- _Record extracts_
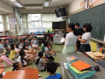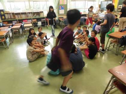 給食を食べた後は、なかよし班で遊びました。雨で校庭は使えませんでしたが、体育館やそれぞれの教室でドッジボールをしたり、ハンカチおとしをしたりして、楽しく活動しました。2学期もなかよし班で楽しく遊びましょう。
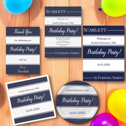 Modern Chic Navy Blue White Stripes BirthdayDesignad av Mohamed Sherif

==

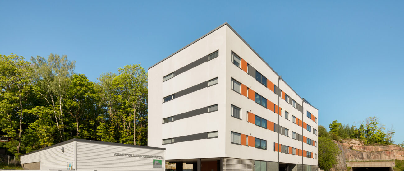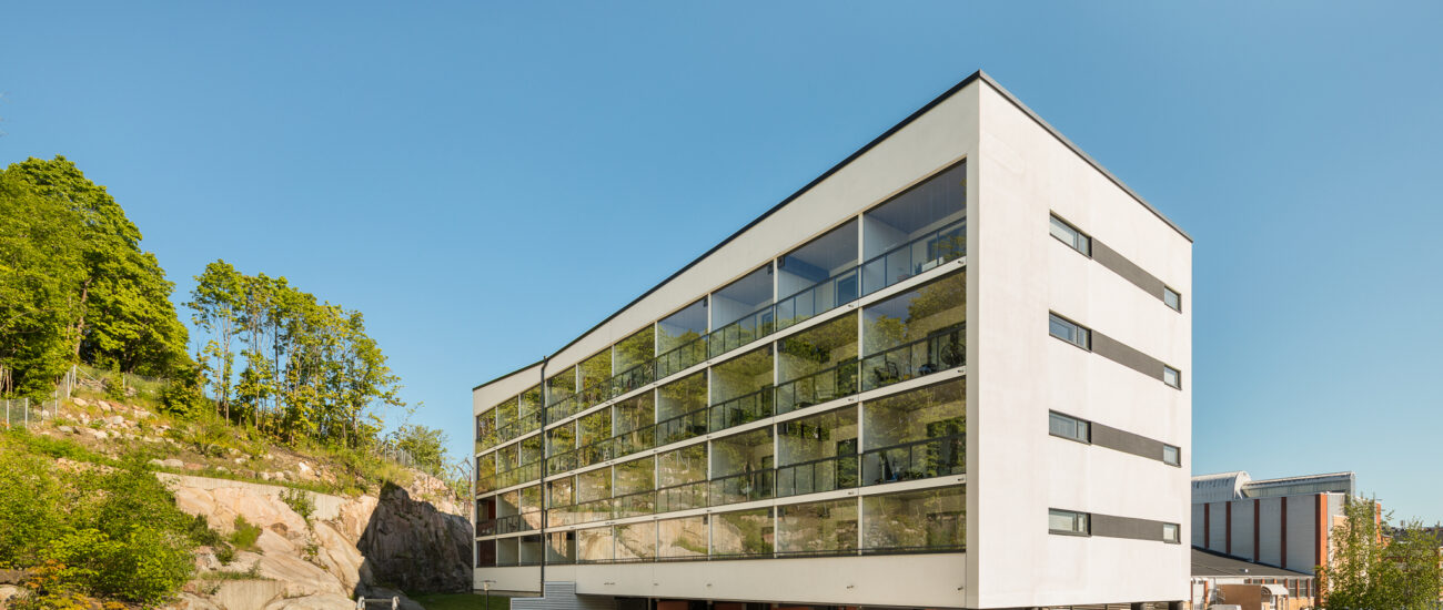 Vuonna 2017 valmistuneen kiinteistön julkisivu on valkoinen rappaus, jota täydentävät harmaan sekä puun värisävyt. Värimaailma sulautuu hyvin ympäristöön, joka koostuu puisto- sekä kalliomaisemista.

- _What is being asked_
Return exactly the stretch above whose first line contains "給食を食べた後は、なかよし班" and whose last line contains "Modern Chic Navy", and nothing outside it. The pictures should not appear.

- _Reply_
 給食を食べた後は、なかよし班で遊びました。雨で校庭は使えませんでしたが、体育館やそれぞれの教室でドッジボールをしたり、ハンカチおとしをしたりして、楽しく活動しました。2学期もなかよし班で楽しく遊びましょう。
 Modern Chic Navy Blue White Stripes BirthdayDesignad av Mohamed Sherif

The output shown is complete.